Ok here's an example of just Signature 3-LGAT tumor type. Bucket size is now 50, so in this case, each incremental bucket is an increase of 3.5 I realize that nearly all data points in the first bucket are 0, so I should probably disregard those, or perhaps take them out altogether... But the values just above (in the 3.5-7 or 10.5-14 bucket, for example), are those signature scores large enough to be considered statistically significant? Any chance you could help me understand where the cut off point would be? Would it be different depending on the range of signature scores for that signature number or tissue type, or is it a hard cut off? https://ibb.co/cN0T82w

arpoe commented 4 years ago

Sorry, again I cannot open your picture. I dont know why.

jaclyn-taroni commented 4 years ago

@letitiaismyname if that picture is a PNG, you can drag and drop it into the text box and GitHub should automagically format the Markdown.
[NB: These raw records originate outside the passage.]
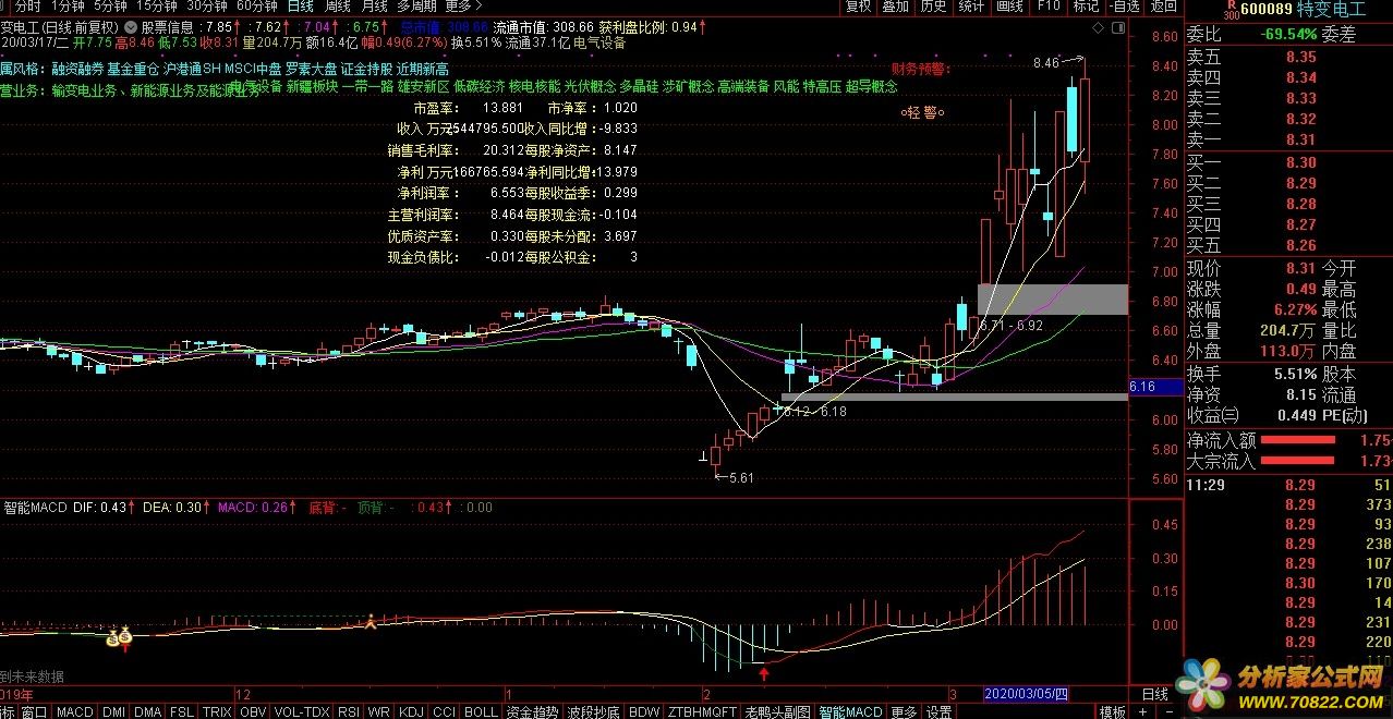 该指标为智能MACD,包含了MACD指标的基本公式以及一些自定义的信号提醒。其中,SHORT设定为12,LONG设定为26,MID设定为9。通过计算DIF和DEA得到MACD指标,并在图表中进行展示和标注交易信号。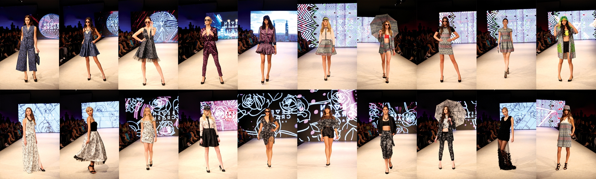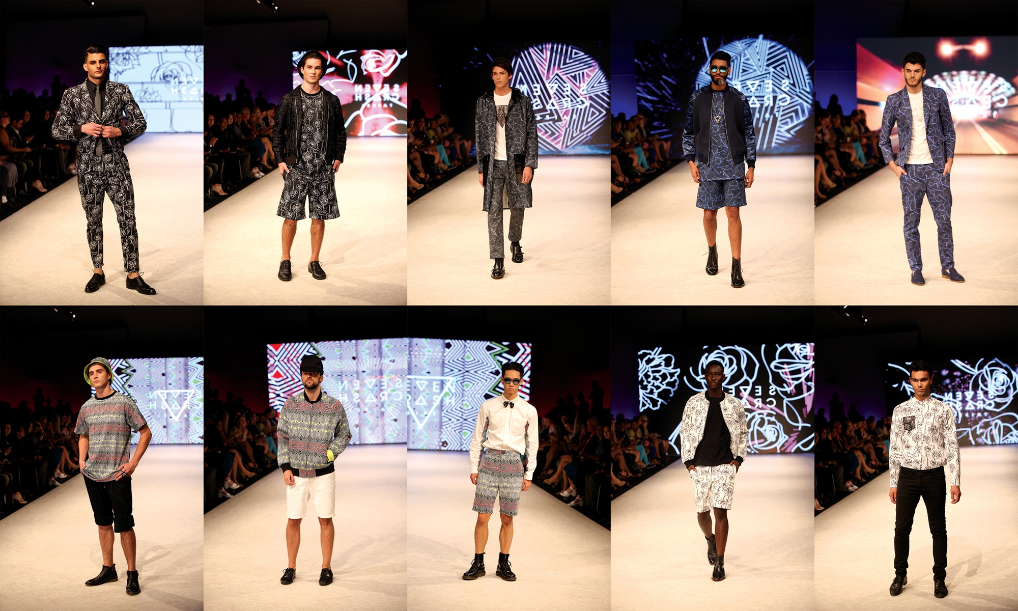 7crash designs use colorful 3D printed fabrics, the tailoring is skilful, the lines are clean and simple, and full use is made of the texture of the fabrics and of bold designs.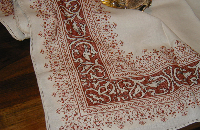 Nella foto: un esempio di tovaglia con ricamo artigianale Punto Assisi. Da accademiapuntoassisi.com.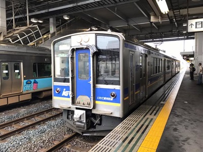 8時53分発の青い森鉄道に乗り換え。IGRいわて銀河鉄道直通盛岡行なので車両はIGRのもの。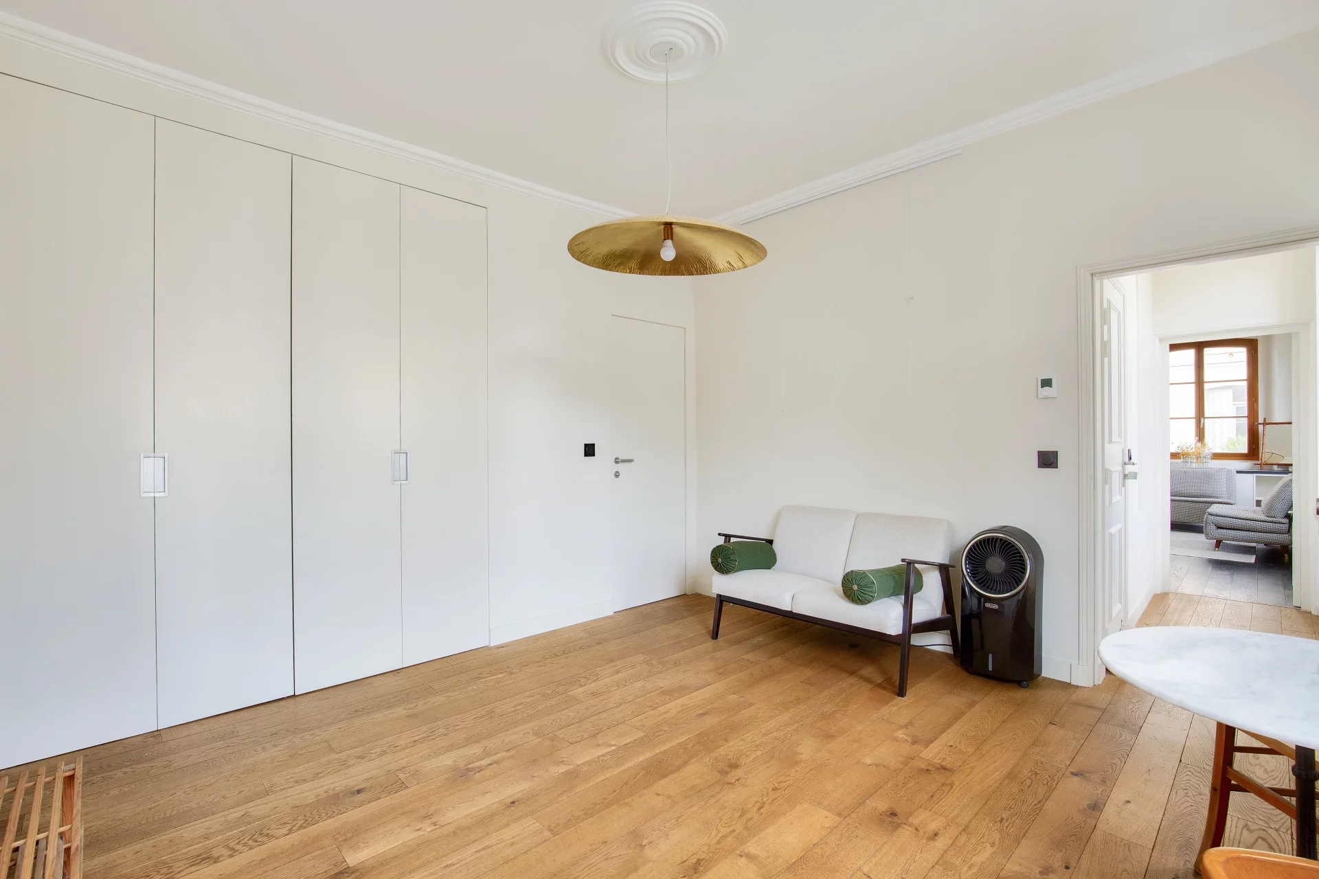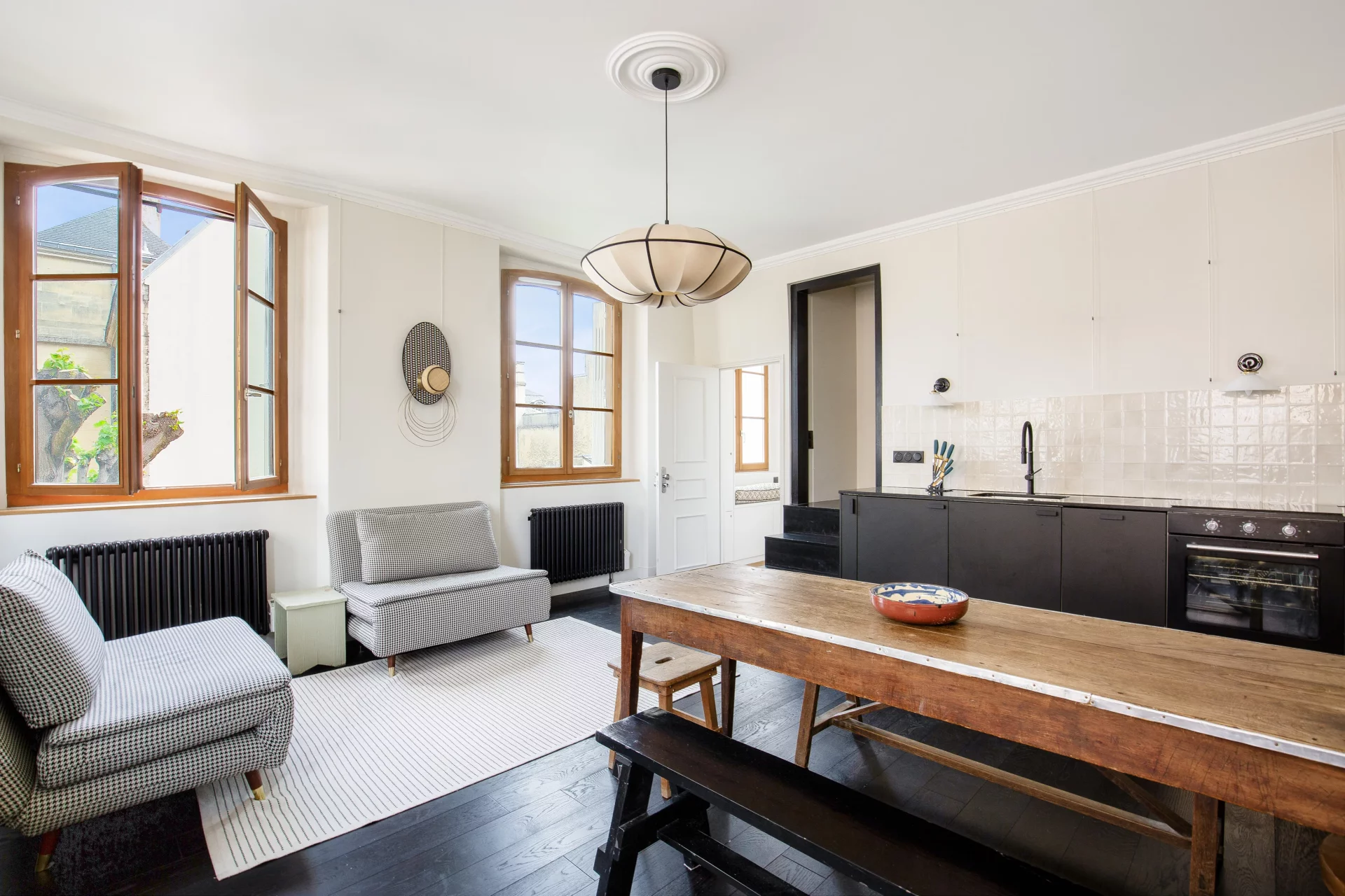 Idéalement situé au cœur du quartier Saint-Louis, l'un ses plus prisés de Versailles, ce superbe duplex de 91,12m² Carrez (118,14m² au sol) a été entièrement restructuré avec un soin particulier et des matériaux de qualité.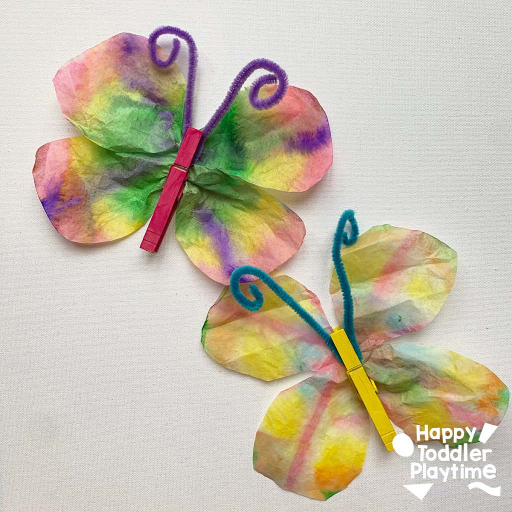 Watercolor-painted coffee filters transform into colorful butterfly wings with just a pinch in the middle and a clothespin. This one is all about watching the colors blend and bloom.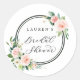 Este adesivo de chá de noiva apresenta flores pintadas em aquarela em rosa choque, folhagem branca e verde com molduras circulares. Para personalização avançada deste design, por favor clique no botão "Personalizar".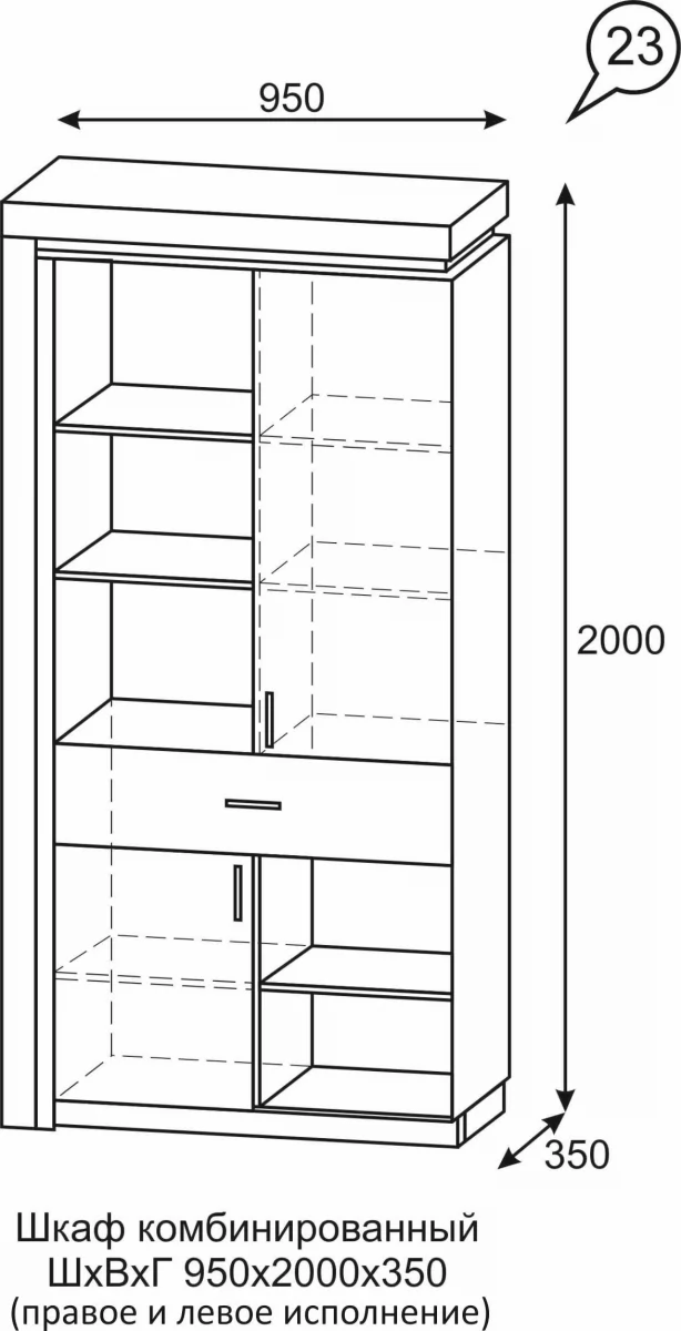 Ширина- 950 мм Высота- 2000 мм Глубина- 350 мм Цвет корпуса- Дуб Сакраменто Цвет фасада- Белый снег Материал корпуса- ЛДСП Материал фасада- МДФ глянец Шариковые направляющие полного выдвижения Модули комплектуются светодиодной подсветкой (дополнительная опция) Ручки металлические цвет – «Сатин светлый» Сборка универсальная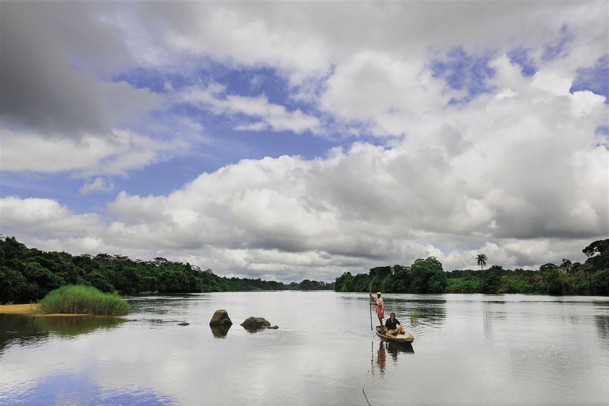 Fahrt nach Tiwai. Unterwegs ein Stopp in Potoru, einer kleinen und ruhigen Stadt. Gegen Abend Ankunft in Tiwai. Auf der großen Regenwaldinsel im Moa-Fluss gibt es 11 Primatenarten, u.a. Schimpansen, Dianameerkatzen und Stummelaffen. Endemische Zwergflusspferde, 800 Arten von Schmetterlingen und 125 Vogelarten machen Tiwai Island zu einem Naturparadies.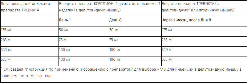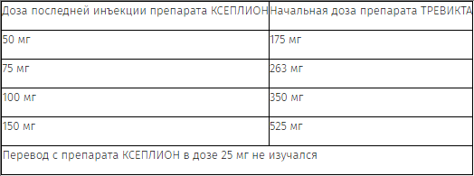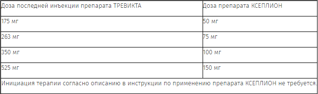Применение препарата ТРЕВИКТА следует начинать в день, соответствующий следующей запланированной инъекции препарата КСЕПЛИОН, с использованием дозы препарата ТРЕВИКТА, рассчитанной исходя из предшествующей дозы препарата КСЕПЛИОН, согласно Таблице 1. Препарат ТРЕВИКТА можно вводить на 7 дней раньше или позже дня следующей запланированной инъекции препарата КСЕПЛИОН.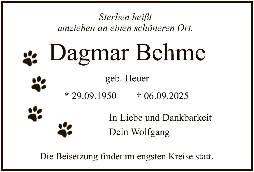 Hier finden Sie alle Traueranzeigen aus der Zeitung, die bisher für Dagmar Behme erschienen sind. Weitere Traueranzeigen, die in der Zeitung erscheinen, werden hier ebenfalls aufgelistet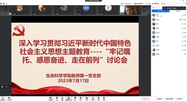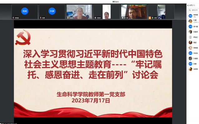 7月17日生命科学学院教师第一党支部召开“牢记嘱托、感恩奋进、走在前列”讨论会,会议由孙健老师主持,支部书记房兴堂老师介绍了本次大讨论的背景、意义和要求。
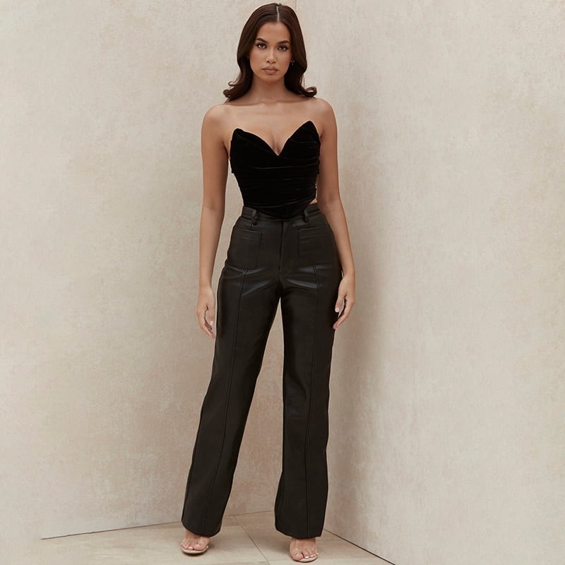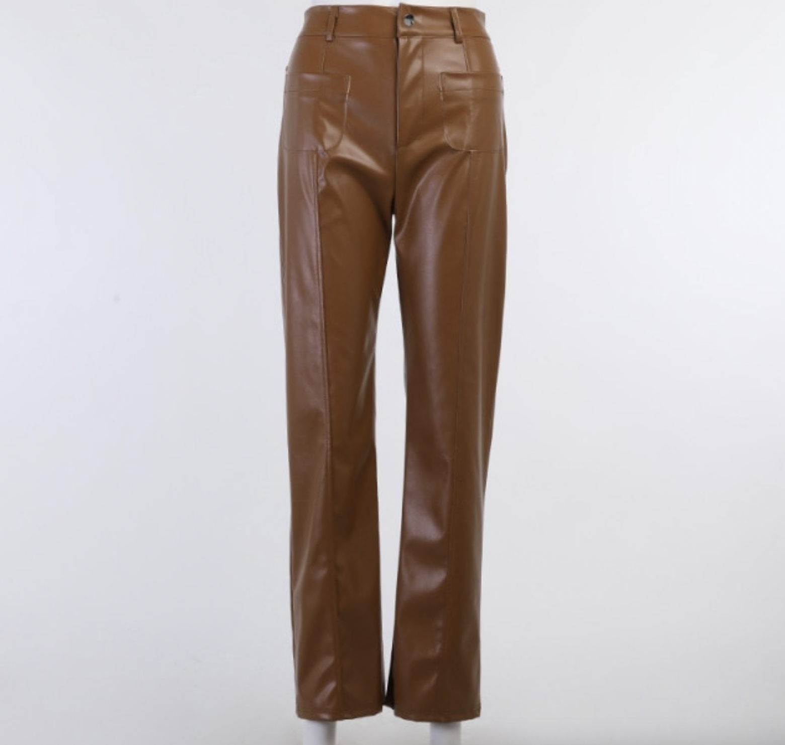 Straight Faux Leather Pockets Pant Slim Leisure Pants Stylish PU Leather Pants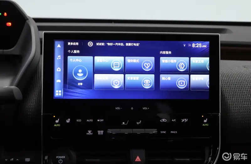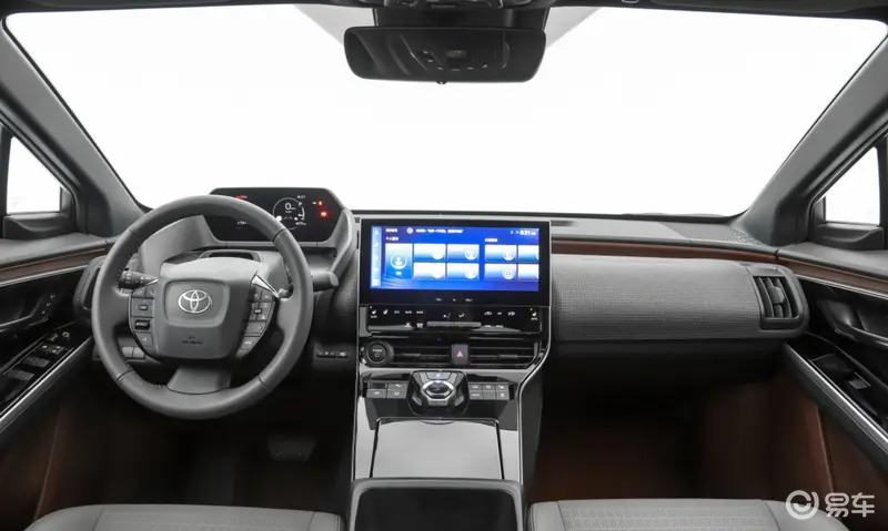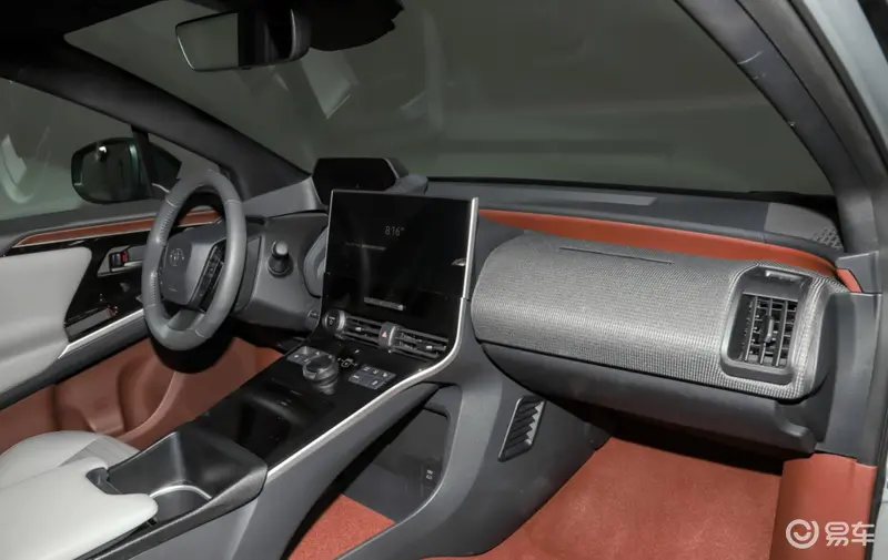 之前概念车上配备的异形方向盘到了量产车上可在顶配车型上看到,低配车型依旧采用传统的方向盘造型。中控台大量的使用织物材质更是凸显了 bZ4X 的环保理念。副驾驶的手套箱被取消,为副驾驶营造出更舒适的乘坐空间。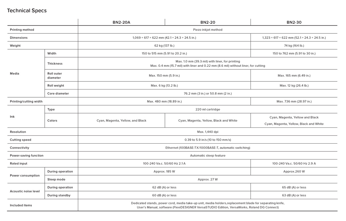 สเปคเด่นของ เครื่องพิมพ์และตัด Roland BN2 Series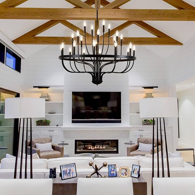 Black Chandelier 24-Light Industrial Iron Candle Chandelier Modern Suspended Farmhouse Chandeliers Pendant Light Fixtures for Dining Room Bedroom Living Room Kitchen Island Foyer E12 Bulb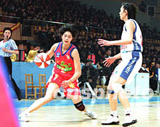 一月二十八日晚,2003中國女籃WCBA全明星賽在河北省秦皇島市奧體中心開賽,八一隊隊員隋菲菲(左)第二次獲得聯(lián)賽最有價值球員稱號。作者:廖文靜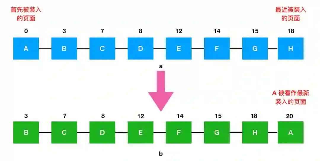 先进先出页面可能是最简单的页面替换算法了。在这种算法中,操作系统会跟踪链表中内存中的所有页。下面我们举个例子看一下(这个算法我刚开始看的时候有点懵逼,后来才看懂,我还是很菜)。

letitiaismyname commented 4 years ago

Ah sorry about that, thanks for the tip! Signature 3-LGAT

arpoe commented 4 years ago

Sorry, but I am affraid there is no easy answer to this. I think one of the important things to keep in mind is that even the assignment of each signature has a certain insecurity due to the fitting. This insecurity is very different per signature and fitting works better or worse dependent on the total number of mutations there are. In pediatric brain cancers, these are frequently low, which makes things more difficult. Regarding signatures, S3 for example is among the most difficult ones, because it resembles random background. Therefore especially for this one the question is very hard to answer. You are trying to find a cut-off in a distribution that is made of distributions, which are all poorly understood. If you would want to have "statistical significance" in it's original sense, you would actually have to build a quite complicated model. I am not 100% sure about the score that this particular package gives. But if you include the score in the the plot above you might find a way to determine a suitable cut-off based on the expectation of which signatures should be there. You could also simulate the combination of several signatures and use them as a toy example to determine with which settings you get the desired result. Here you have the benefit that you exactly know the outcome, so you can optimise the cut-off systematically. Also I would recommend to look into the cut-off rules in the package "sigfit", which I generally find quite suitable. For a general overview on the signatures, I would recommend to look into the original work by Ludmil Alexandrov and Serena Nik-Zainal, as well as into the two very recent papers by Serena Nik-Zainal's lab. These last papers also touch on the overfitting problems and recommend strategies to deal with these issues.
(by the way, I am in Europe, so please apologize typos, when I am answering this late ;-)

letitiaismyname commented 4 years ago

Ah ok! Thank you so much Anna, I appreciate your explanation and help! I will check out sigfit and look into overfitting issues in the Alexandrov paper 👍 💯

jaclyn-taroni commented 4 years ago

Hi @letitiaismyname - wanted to bring @arpoe's pull request for de novo mutational signature calling to your attention: #678

sjspielman commented 2 years ago

Closing because the de novo extraction continued to experience convergence problems and is effectively deprecated, as described here.